[Data records Boundary: Start]
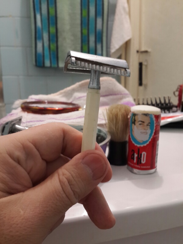Попробовав я понял, что EJ89 это просто детский сад какой-то. Никак не мог им чисто выбраться, да и порезаться ни разу толком не получилось. Мой неизвестный привет из прошлого корчует любую щетину на УРА! Понял, что мне не хватает в моем англичанине агрессивности в бритье. Вот и сам станок, кстати.
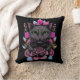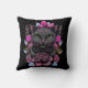 Travesseiro decorativo de sotaque divertido, com trabalho de arte de uma cinza branca e flores cor-de-rosa, contra um fundo preto. Boa ideia de presente para qualquer amante felino.
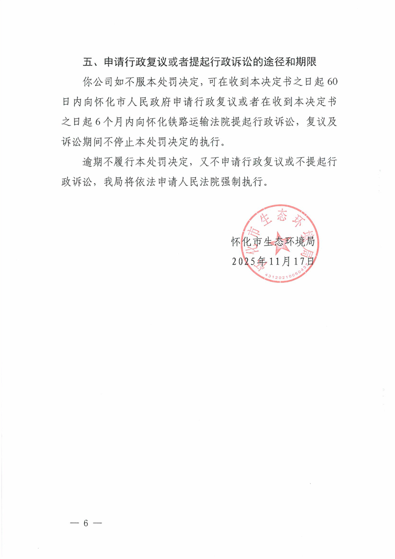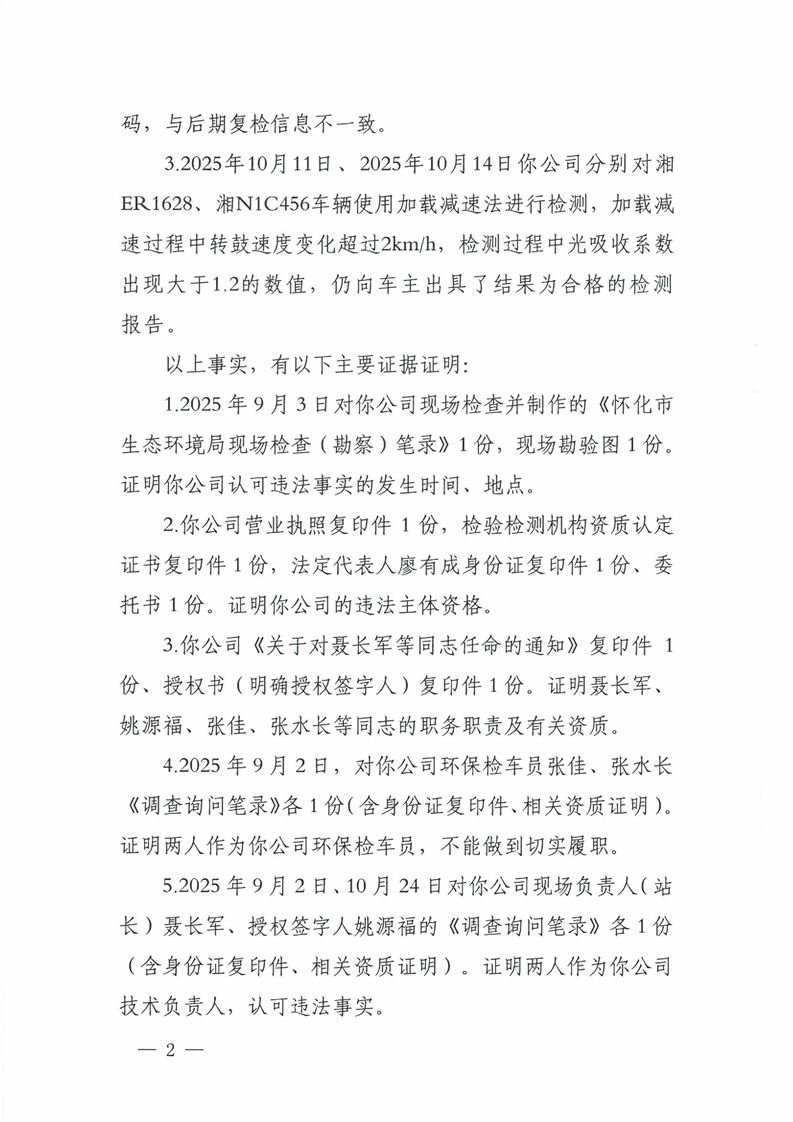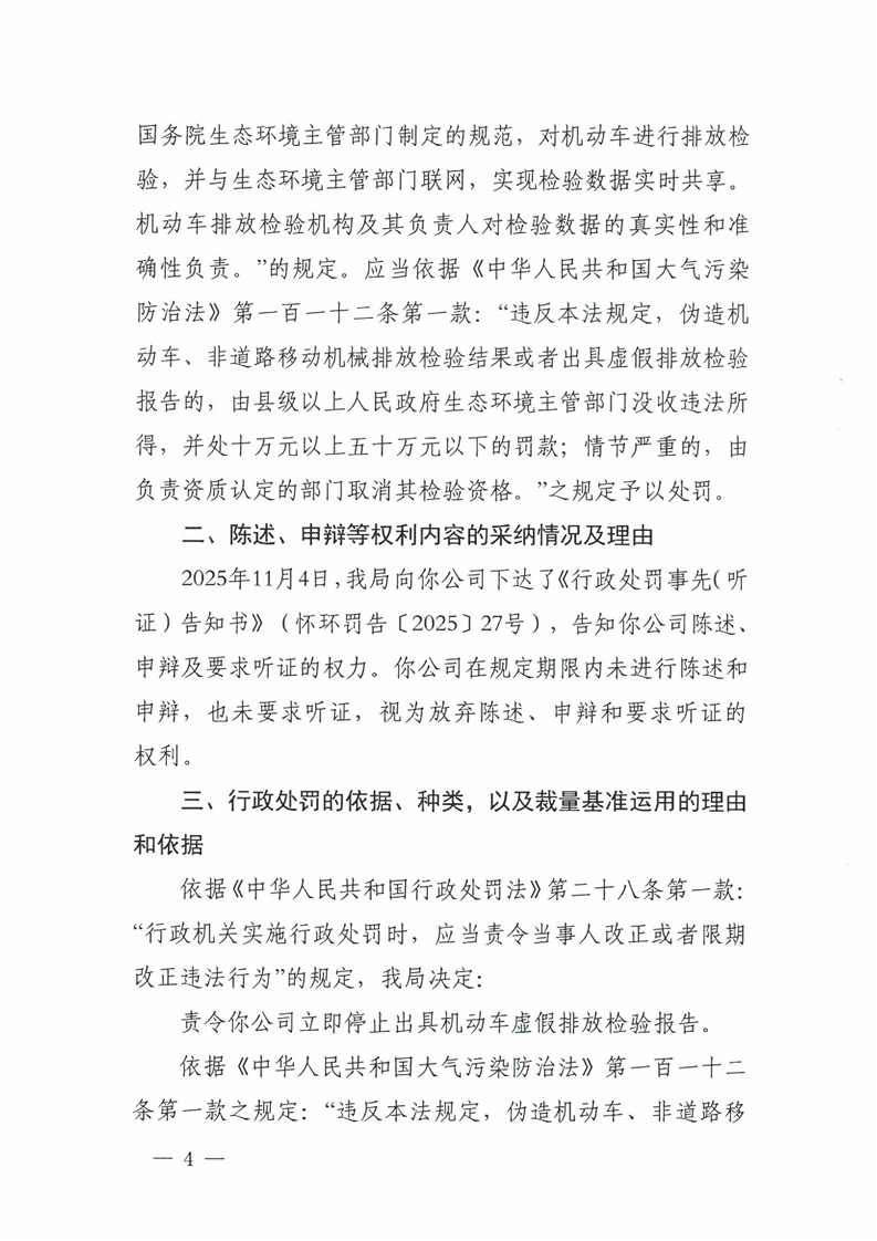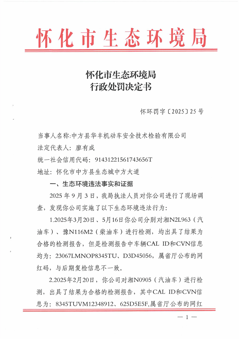 中方县华丰机动车安全技术检验有限公司(怀环罚字〔2025〕25号)
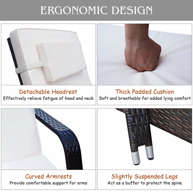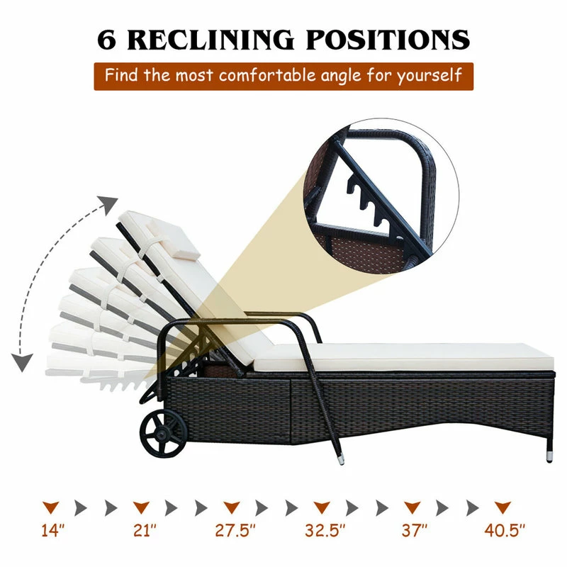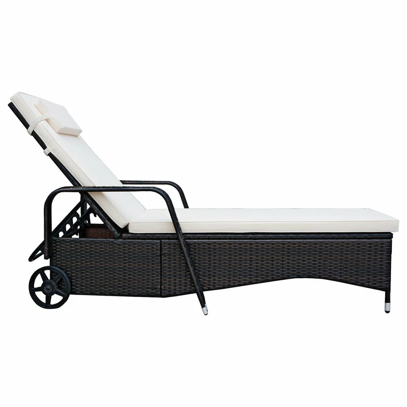 This is our new rattan chaise lounge which is a great addition for your outdoor living room. Made of galvanized steel pipe and rattan ,it will be durable and have long lifespan. Thick and soft cushion provide comfortable feeling when laying, additional headrest pillow comes with it .The backrest is adjustable to six angles ,you can adjust it as you like. Two wheels equipped make you easy to move to anywhere. It is suitable for various occasions,which is your best choice for your living room ,garden, poolside, yard, balcony, beach and veranda etc.
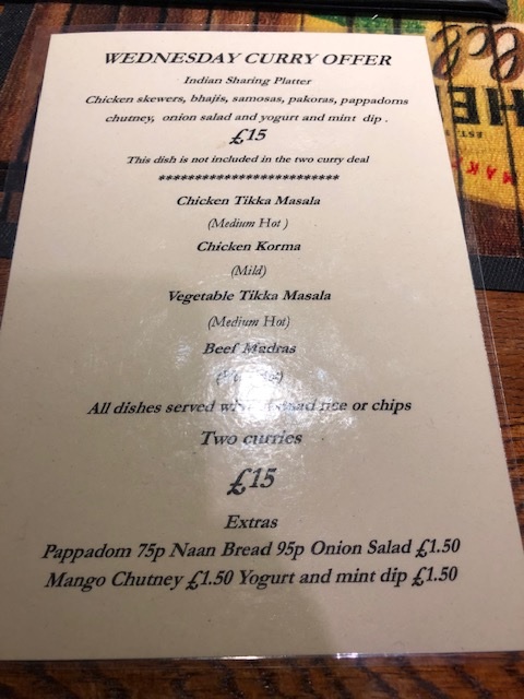 On the first evening when we ate at the Ring o Bells some of the locals in the bar said that we should come in on Curry Night as not only was it great value with two dishes for just £15, but also that the curries at the pub was really good as they were homemade too.
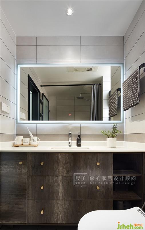 浴室柜深色的紋理藏著一家人忙碌的早晨時光。
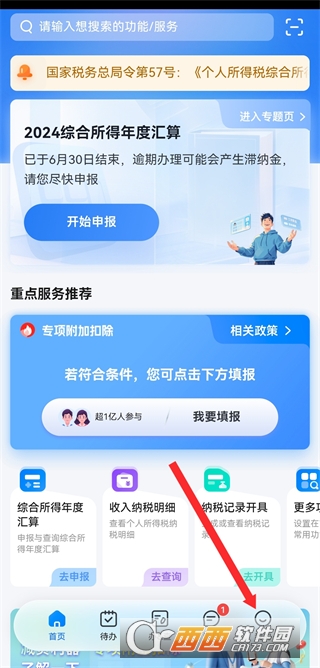 1、打开个人所得税APP首页,点击我的,进入个人功能操作页面。
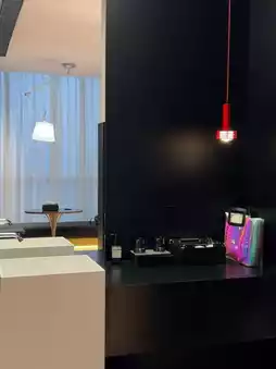 ▪️The hotel is a Bauhaus art container hidden in the bustling city, with a black, white, and gray base clashing with vermilion and emerald green accents.
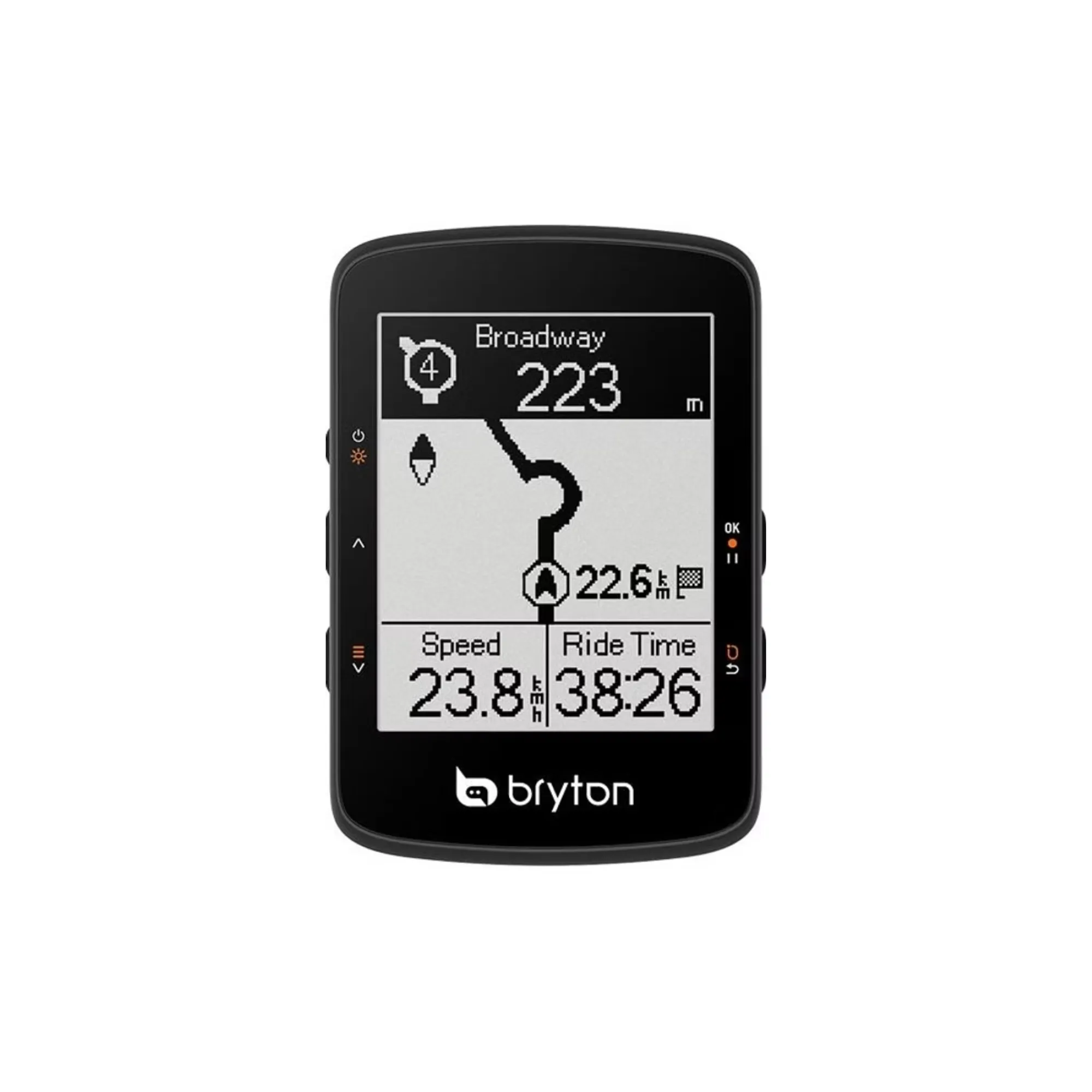 Bryton Rider 460E je zmogljiv GPS kolesarski računalnik, opremljen z 2,6-palčnim črno-belim LCD zaslonom, ki omogoča jasno prikazovanje do 8 podatkov na strani. Naprava podpira navigacijo z zavoj-na-zavojem, funkcijo Climb Challenge za prikaz vzponov ter napredne in načrtovane treninge. Združljiv je z različnimi satelitskimi sistemi (GPS, Glonass, Galileo, Baidou, QZSS) in omogoča povezavo z ANT+ ter Bluetooth senzorji, vključno z radarskimi lučmi, merilniki srčnega utripa, kadence in hitrosti. Baterija zagotavlja do 32 ur delovanja, polnjenje pa poteka preko USB-C priključka. Rider 460E omogoča tudi sledenje v živo, skupinske vožnje in sinhronizacijo z aplikacijami, kot so Strava, Komoot in Bryton Active.
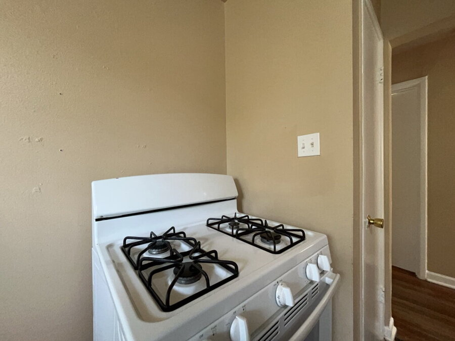 Step inside to find a well-equipped kitchen with a gas stove/range, refrigerator, and sleek solid countertops, offering a practical and stylish space for culinary endeavors.
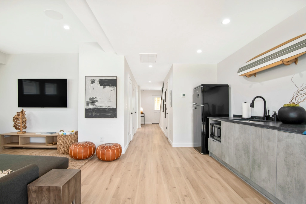 Media room with wet bar with refrigerator.
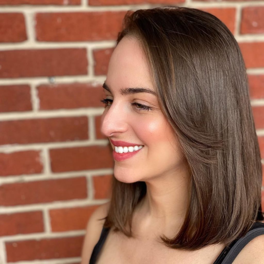 This sleek brunette lob is all about subtle sophistication. The glossy hair softly contours the face and results in an elegant look that seems perfectly polished yet incredibly easy to maintain. It is one look that whispers confidence without shouting about it, best designed for women who are passionate about timeless yet polished beauty.
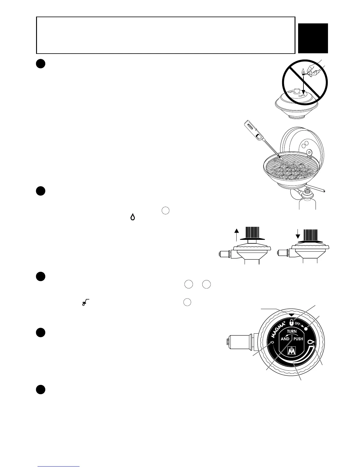 • Barbeque-Grill nie mit geschlossenem Deckel anzünden.
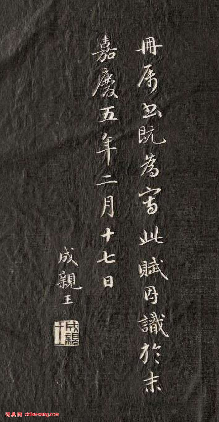書法欣賞魏晉書法唐朝書法宋朝書法元朝書法明朝書法清朝書法近現代書法字典網>> 歷代書法>> 清朝>> 成親王行楷《雪賦和月賦》(10)正文 成親王行楷《雪賦和月賦》(10)作者:成親王 書體:行楷 首 頁 上一頁 1 2 3 4 5 6 7 8 9 10 全文成親王的相關書法作品:成親王楷書對聯欣賞 成親王·雜體詩冊 成親王小楷《群仙高賦會》 成親王草書《百家姓》 成親王小楷《洛神賦》 成親王行楷《雪賦和月賦》 相關文章:包世臣行草《錄內史與謝尚書書軸》 (行草)包世臣《行草書錄內史與謝尚書書軸》紙本行草書 132×55.5cm 山西省博物...徐賁《題濯清軒》 (楷書)【釋文】題濯清軒。春草綠芳洲,清江繞舍流。芹香低渚燕,波影媚沙鷗。風滯初聞笛,花...他們的狂,成就了書法的狂【導讀】王獻之被謝安問:“你和你爸爸的書法,哪個更好?”王獻之說:“當然是我。”...東漢隸書《衡方碑》 (隸書)漢《衡方碑》,全稱《衛尉卿衡方碑》。隸書,碑文共二十三行,每行三十六字。有碑陰,...解密褚遂良《大字陰符經》筆法|《大字陰符經》墨跡本局部《大字陰符經》墨跡本,96行,461字,傳唐代褚遂良書...趙孟頫《靈隱大川濟禪師塔銘》拓本 (行書)《靈隱大川濟禪師塔銘》原文為浙江靈隱禪寺大川禪師(普濟)所書的塔銘。此作縱34....北魏《惠感造像記》 (楷書)惠感造像記拓片 比丘惠感在龍門的造像有多個,其中僅古陽洞就有四處。這些比丘惠感是...孫過庭草書《書譜》 (草書)孫過庭草書真跡書法長卷《書譜卷》墨跡本,縱26.5厘米,橫900.8厘米,台北故...康有為《行草書軸》 (行草)康有為《行草書軸》 241.7厘米×121.5厘米 汕頭市博物館藏選自2003...王羲之·快雪時晴帖 (行書)【釋文】羲之頓首。快雪時晴。佳想安善。未果為結。力不次。王羲之頓首。山陰張侯。《...
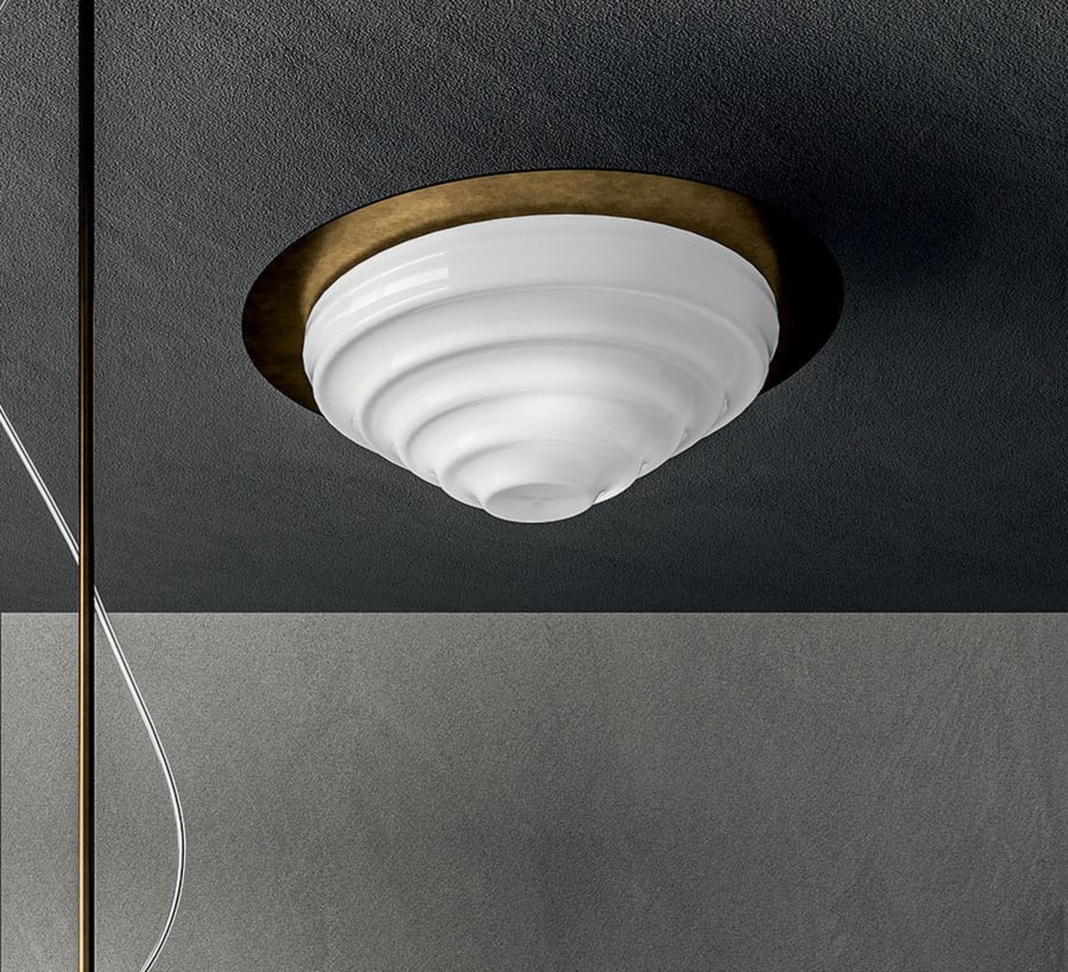 Sa teinte brune raffinée en association avec le verre blanc brillant crée un contraste visuel frappant, accentuant ainsi son esthétique moderne et sophistiquée. Les ondulations concentriques en verre de Murano évoquent gracieusement les mouvements en surface de l'eau, jouant avec la lumière pour une diffusion douce et uniforme.
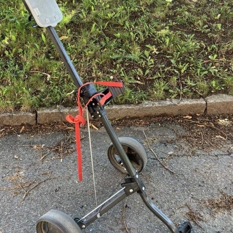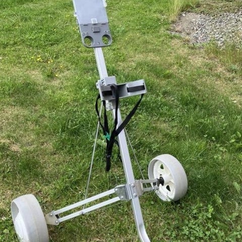 Bagboy golfvagn med tre hjul, svart ram och grå hjul. Utrustad med remmar för fastsättning av golfbag och handtag för styrning. Designad för att underlätta transport av golfutrustning på banan. Från Skottland , enligt på bilder finns i Västerås .
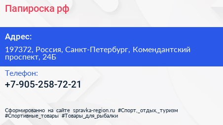 Папироска.рф по адресу 197372, Россия, Санкт-Петербург, Комендантский проспект, 24Б в дальнейшем Организация, размещена в следующих категориях:
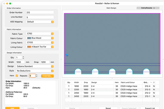 If someone has already entered the essential data - width, drop, design, fabric etc. you don't want to enter it again manually. With Automatic Data Entry (ADE) the process of developing a pattern is fully automatic. An order list sent from your factory management software will be opened by ParaSol to generate an entire list of designs ready to export to Tangent and cut.
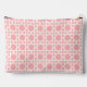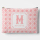 This stylish monogram zipper pouch design features a modern pink and white woven rattan cane pattern on the front and back. The front side has a notched pink frame with an initial in white.
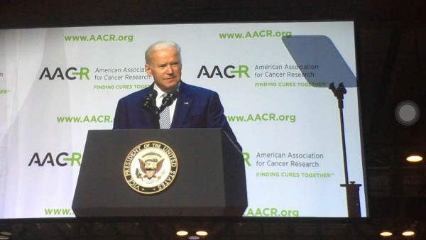 今天的主要節(jié)目是科學以外的政策講演,美國副總統(tǒng)拜登花了半個小時闡述所謂的腫瘤登月計劃。該計劃的長期目標是治愈腫瘤(cure cancer as we know it),并要把10年的工作5年完成。拜登副總統(tǒng)提出幾條具體建議,除了以前廣為人知的大數(shù)據(jù)、鼓勵數(shù)據(jù)分享、降低合作壁壘外,今天還提出政府科研基金偏向更前沿研究、提高基金審批效率、免費分享科研成果、根據(jù)治療效果分配研發(fā)經(jīng)費等。雖然拜登說了不少官話,如在座科學家是最重要資源,但他還是讓所有人多等了十幾分鐘(還不算安檢的半小時)。但是也真誠地說他不懂科學,科學家要告訴他哪些問題可能通過政策即將解決。
[Data records Boundary: End]
- [Problem details]: Give back exactly the lines from the first line of the data through the line with "中方县华丰机动车安全技术检验有限公司(怀环罚字〔2025〕25号)", pictures excluded.

- [Reply]:
Попробовав я понял, что EJ89 это просто детский сад какой-то. Никак не мог им чисто выбраться, да и порезаться ни разу толком не получилось. Мой неизвестный привет из прошлого корчует любую щетину на УРА! Понял, что мне не хватает в моем англичанине агрессивности в бритье. Вот и сам станок, кстати.
 Travesseiro decorativo de sotaque divertido, com trabalho de arte de uma cinza branca e flores cor-de-rosa, contra um fundo preto. Boa ideia de presente para qualquer amante felino.
 中方县华丰机动车安全技术检验有限公司(怀环罚字〔2025〕25号)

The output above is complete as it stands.